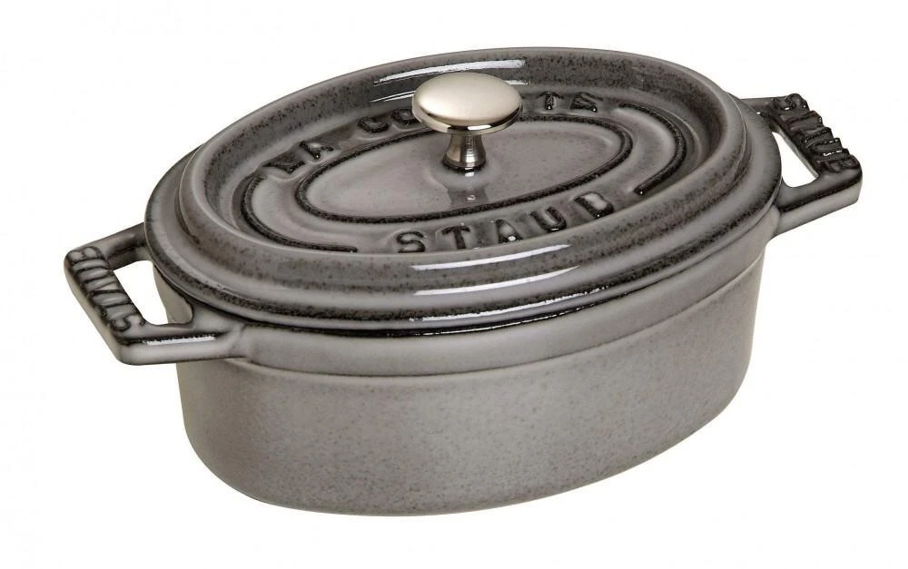 Staub Mini Cocotte oval aus Gusseisen in graphitgrau. Ideal zum Zubereiten und Servieren kleiner Schmor- und Backgerichte.
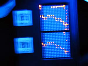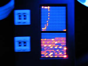 ↑ご存知のようにロドスタの点火マップは通常14X15で縦軸は15マス有るわけだが、これは実はノーマルだと全部は使ってない。下の半分はあんましアクセスしないのよ。空気充填率が上昇すれば下に進み、回転数が上がると右に進む。マップ左上がアイドル、マップ右下が全開高回転となる。じゃんぼスロットルで空気充填率が上昇すれば、今までよりも下の方までアクセスするようになるハズ。尚、下のアクセス状態は空ぶかしの時であり、実走行時にはまったく違うアクセス状態となる。また、Fire号は基本噴射補正係数をいじってるので縦軸のスケールも通常とは異なる。ノーマルROMでのアクセス状態はまた違った形になる筈だが、スロットル交換前後のテストでは同じROMを使用している為、データの比較としては問題無かろう。。Fire号の場合、このマップを16X16に拡大している。その16X16のマップ領域をそのまま表示させちゃうのが下のマップトレーサだ。残念ながら、ノーマルスロットル時の写真は無い。
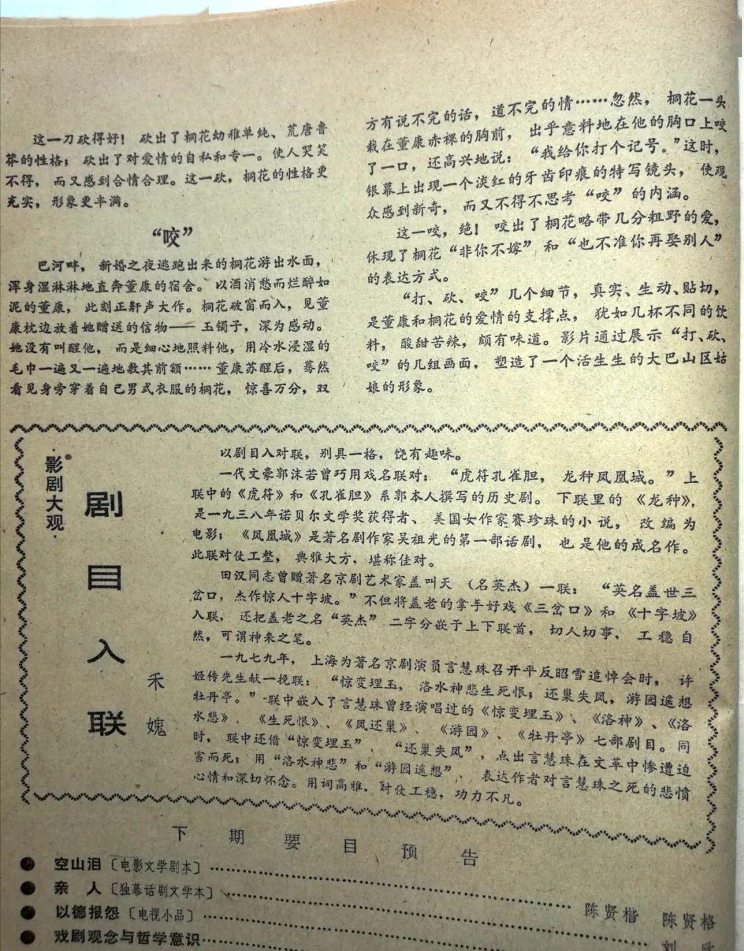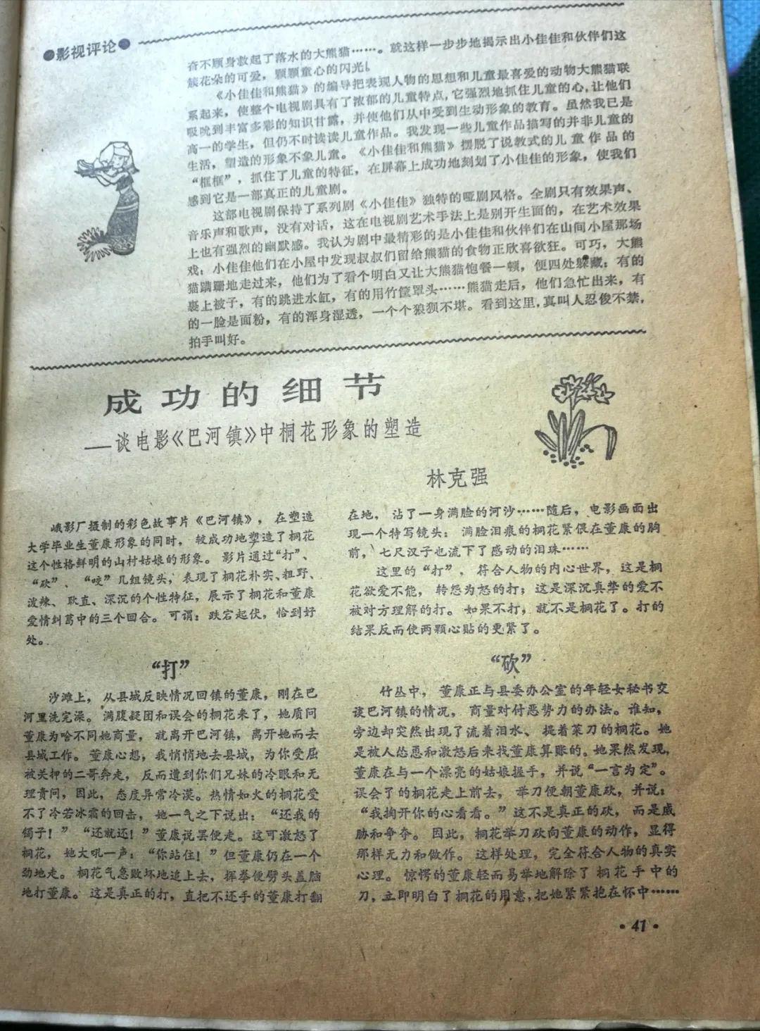 今日有闲,翻阅习作剪贴,在当年四川公开发行的《戏剧与电影》杂志上,看见我撰写的一篇电影评论《成功的细节——谈电影〈巴河镇〉中桐花形象的塑造》,引起回忆一段欣慰的往事。
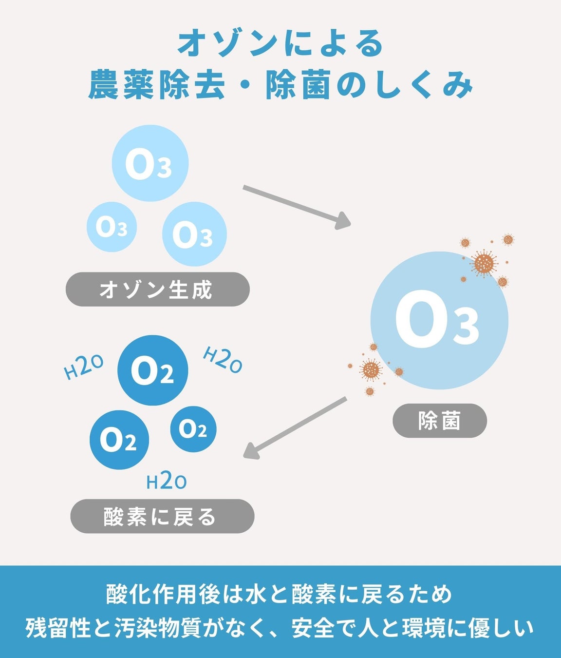 微生物の量も減らすため、野菜や果物の鮮度保持にもお役立ちいたします。
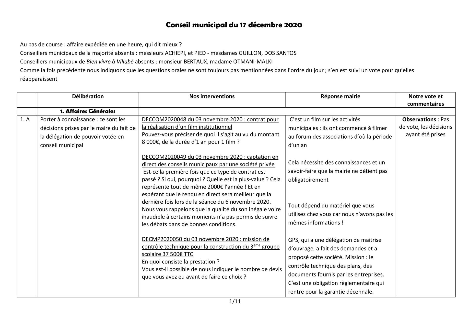 Conseil Municipal du 17 décembre 2020
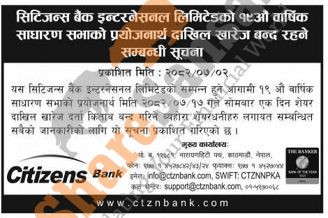 Citizens Bank International Limited has published a book closure date for its upcoming 19th AGM.
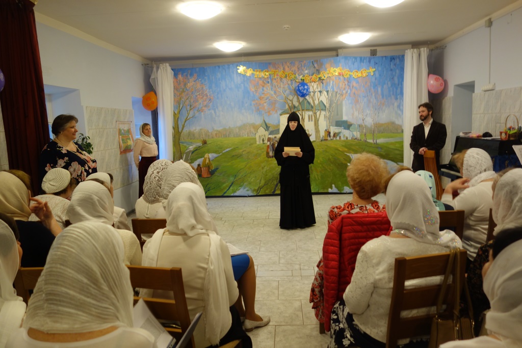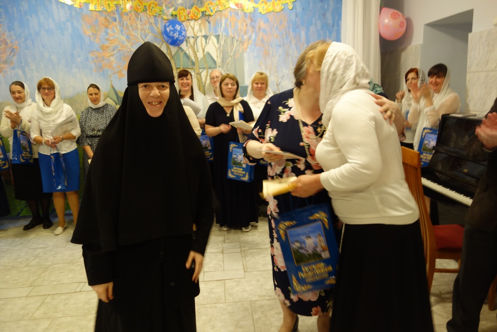 По благословению настоятельницы монастыря игумении Викторины, благочинная монахиня Сергия поздравила выпускников с окончанием школы и вручила им свидетельства и подарки от обители.
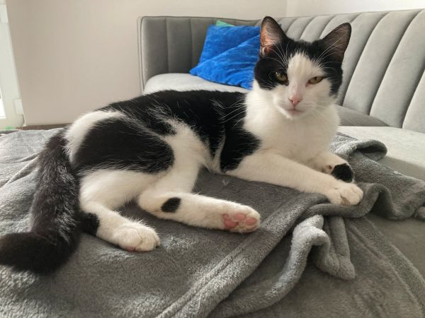 Gemma (black and white) brings the playful energy to the pair. She loves interactive play, especially chasing wand toys and lazer pointers, and will happily show off her playful side when it’s time for games. When playtime is over, Gemma enjoys attention and pets and she’ll gladly soak up affection from her humans.

**Exercise goal:** Apart from the pictures, return every entry above exactly as given.

**Task response:**
 Staub Mini Cocotte oval aus Gusseisen in graphitgrau. Ideal zum Zubereiten und Servieren kleiner Schmor- und Backgerichte.
 ↑ご存知のようにロドスタの点火マップは通常14X15で縦軸は15マス有るわけだが、これは実はノーマルだと全部は使ってない。下の半分はあんましアクセスしないのよ。空気充填率が上昇すれば下に進み、回転数が上がると右に進む。マップ左上がアイドル、マップ右下が全開高回転となる。じゃんぼスロットルで空気充填率が上昇すれば、今までよりも下の方までアクセスするようになるハズ。尚、下のアクセス状態は空ぶかしの時であり、実走行時にはまったく違うアクセス状態となる。また、Fire号は基本噴射補正係数をいじってるので縦軸のスケールも通常とは異なる。ノーマルROMでのアクセス状態はまた違った形になる筈だが、スロットル交換前後のテストでは同じROMを使用している為、データの比較としては問題無かろう。。Fire号の場合、このマップを16X16に拡大している。その16X16のマップ領域をそのまま表示させちゃうのが下のマップトレーサだ。残念ながら、ノーマルスロットル時の写真は無い。
 今日有闲,翻阅习作剪贴,在当年四川公开发行的《戏剧与电影》杂志上,看见我撰写的一篇电影评论《成功的细节——谈电影〈巴河镇〉中桐花形象的塑造》,引起回忆一段欣慰的往事。
 微生物の量も減らすため、野菜や果物の鮮度保持にもお役立ちいたします。
 Conseil Municipal du 17 décembre 2020
 Citizens Bank International Limited has published a book closure date for its upcoming 19th AGM.
 По благословению настоятельницы монастыря игумении Викторины, благочинная монахиня Сергия поздравила выпускников с окончанием школы и вручила им свидетельства и подарки от обители.
 Gemma (black and white) brings the playful energy to the pair. She loves interactive play, especially chasing wand toys and lazer pointers, and will happily show off her playful side when it’s time for games. When playtime is over, Gemma enjoys attention and pets and she’ll gladly soak up affection from her humans.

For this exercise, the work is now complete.